TNT Sports Box Office
- Country: United Kingdom
- Broadcast area: United Kingdom Ireland
- Network: TNT Sports

Programming
- Language: English
- Picture format: 1080i HDTV

Ownership
- Owner: TNT Sports (Warner Bros. Discovery) BT Group
- Sister channels: TNT Sports 1 TNT Sports 2 TNT Sports 3 TNT Sports 4

History
- Launched: 15 September 2018
- Former names: BT Sport Box Office (2018–23)

Links
- Website: Watch Now

Availability

Streaming media
- TNT Sports Box Office App/Website: Watch Now

= TNT Sports Box Office =

TNT Sports Box Office (formerly BT Sport Box Office) is a pay-per-view unit from TNT Sports. The channel is available in HD on EE TV and Sky.

== History ==
In April 2018, BT Sport revealed its intention to launch a pay-per-view channel to show live boxing and it launched on 15 September 2018 when it showed the rematch between Gennady Golovkin and Saul Alvarez. Further boxing events, including both Tyson Fury bouts versus Deontay Wilder, along with Fury versus Wallin and Schwarz, in addition to Amir Khan v Terrence Crawford, have also been shown on BT Sport Box Office.

Since UFC 239, selected UFC pay-per-view events have been carried on Box Office, including UFC 242, UFC 246, UFC 254, UFC 257, UFC 264, UFC 280, UFC 286 and UFC 321.

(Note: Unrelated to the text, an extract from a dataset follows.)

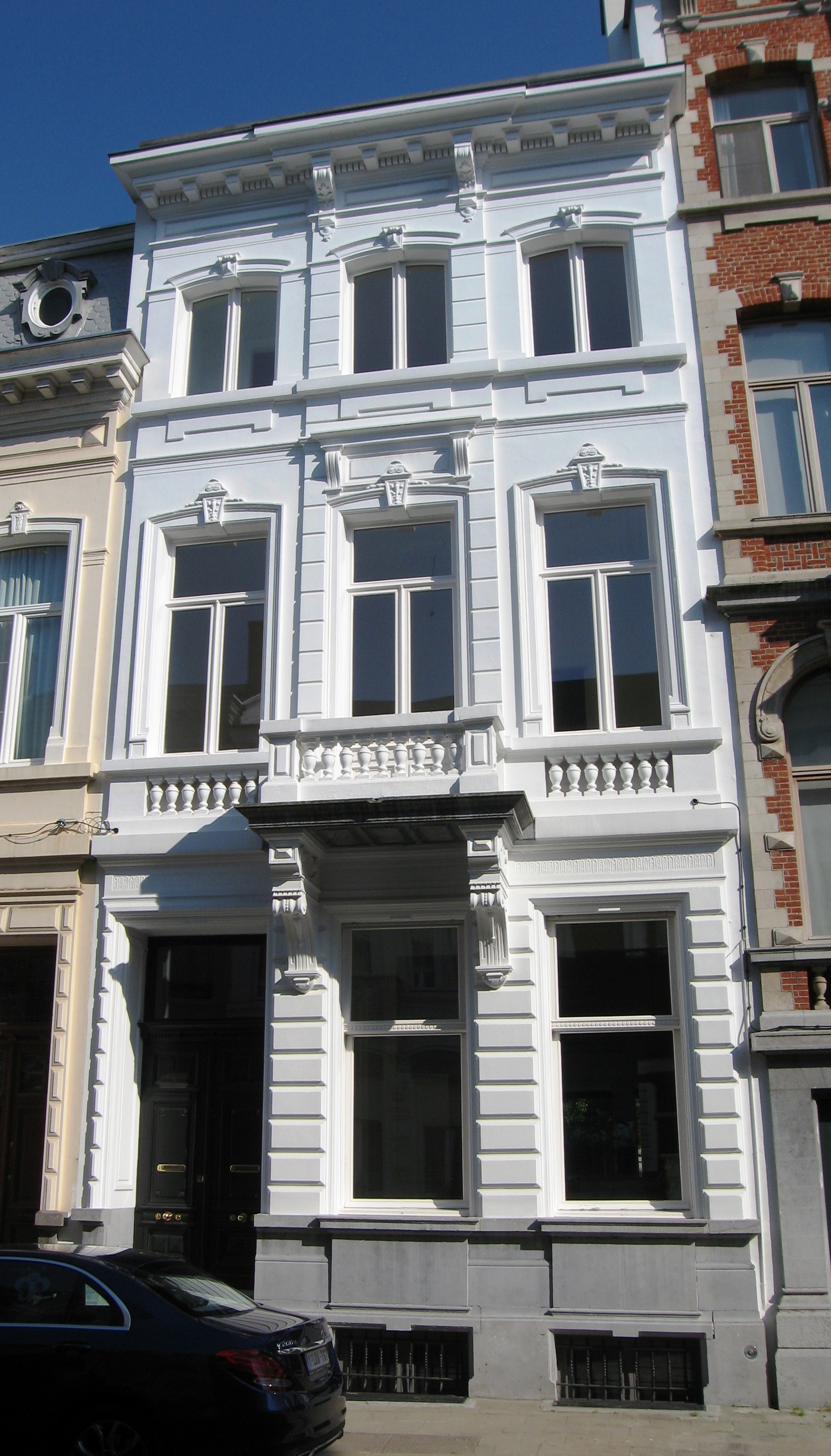 De afbeelding 'Antwerpen Verdussenstraat 49' gemaakt door Braeken, Jo wordt ter beschikking gesteld door Agentschap Onroerend Erfgoed (AOE) onder de volgende voorwaarden: Modellicentie voor gratis hergebruik, Naamsvermelding 4.0 Internationaal.

From January 2020, WWE pay-per-views are sold via BT Sport Box Office.

==Amazon Premier League Pass==
In November 2019 to early January 2020, BT Sport Box Office 2 was launched on Sky in the UK and Ireland on channel 494. BT Sport Box Office on channel 490 was temporarily removed from residential set-top boxes to facilitate the 2019–20 Premier League being broadcast to licensed premises only. On the EPG, BT Sport Box Office was renamed Amazon Premier League Pass during this time. These channels were provided by Amazon. 6 channels were broadcast via the red button on selected dates. It is assumed that BT Sport Box Office 2 was launched so Sky would suffice their contract with BT. It returned in July 2020 for the final month of the premier league 2019–20 season.

==Premier League==
In October 2020, amidst the COVID-19 pandemic forbidding spectators to attend football matches, select Premier League matches were allowed to be broadcast on a PPV basis which would have typically been affected by the Saturday 3pm blackout. The first game available to the general public on the channel was Chelsea versus Southampton on 17 October.